CDS Lecture Series

Wednesday, November 5, 2003, 12:30 p.m.

Michael I. Miller
Director, Center for Imaging Science
The Johns Hopkins University

Computational Anatomy and Models for Image Analysis

Recent years have seen rapid advances in the mathematical specification of models for image analysis of human anatomy. As first described in "Computational Anatomy: An Emerging Discipline", Grenander and Miller, Quarterly of Applied Mathematics, Vol. 56, 617-694, 1998, human anatomy is modelled as a deformable template, an orbit under the group action of infinite dimensional diffeomorphisms.
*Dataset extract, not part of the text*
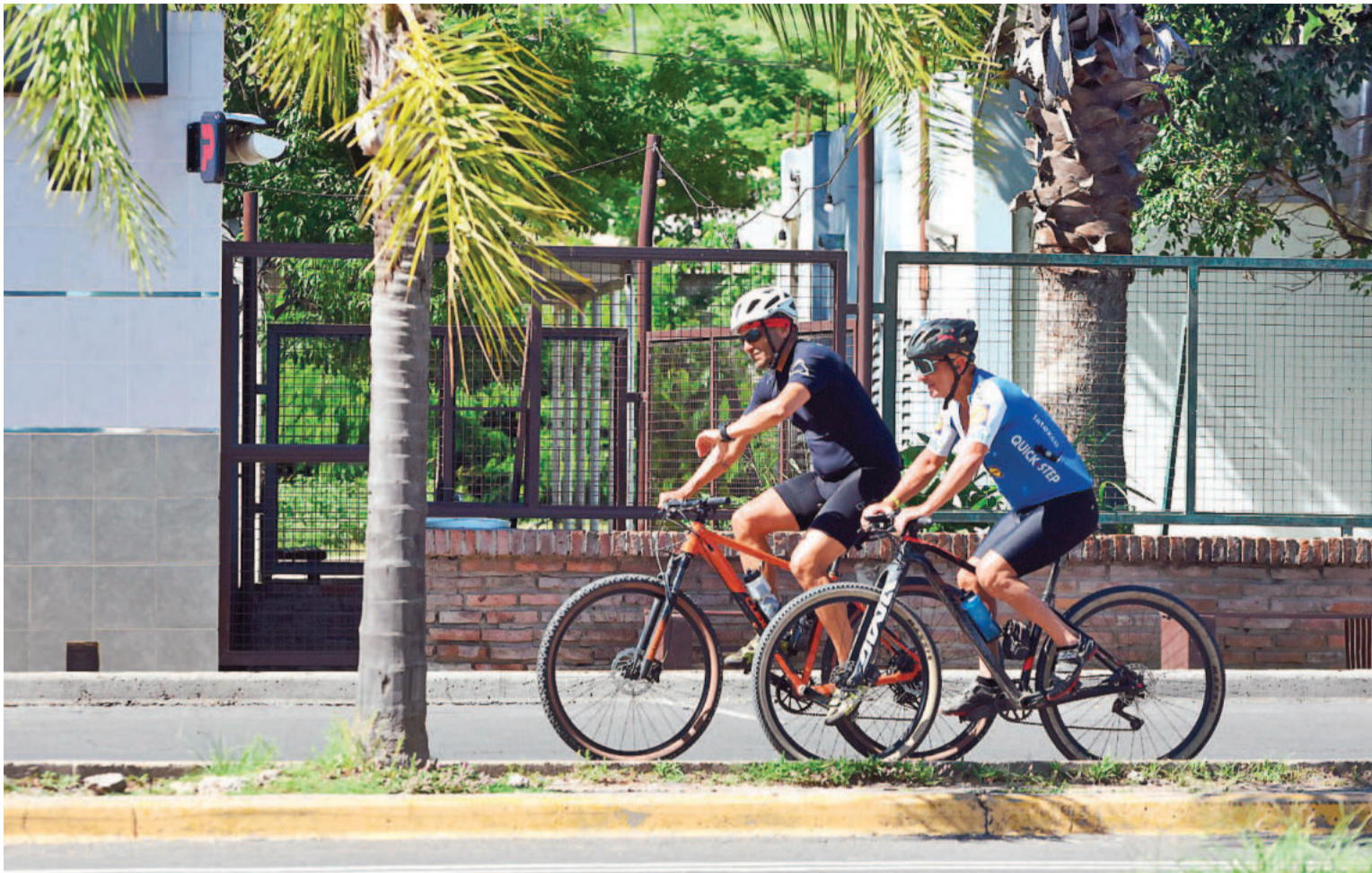
La actividad física sostenida, la buena alimentación y los cuidados médicos son fundamentales para prevenir los infartos.

ción alta, son modificables y prevenibles. Los especialistas le apuntan al tabaquismo, al colesterol elevado, a la hipertensión, a la diabetes y a la obesidad.

In this talk, we will describe recent advances in CA, specifying a metric on the ensemble of images, and examine distances between elements of the orbits, "Group Actions, Homeomorphisms, and Matching: A General Framework", Miller and Younes, Int. J. Comp. Vision Vol. 41, 61-84, 2001, "On the Metrics of Euler-Lagrange Equations of Computational Anatomy, Annu. Rev. Biomed. Eng., Vol. 4, 375-405, 2002. Numerous results will be shown comparing shapes through this metric formulation of the deformable template, including results from disease testing on the hippocampus, and cortical structural and functional mapping.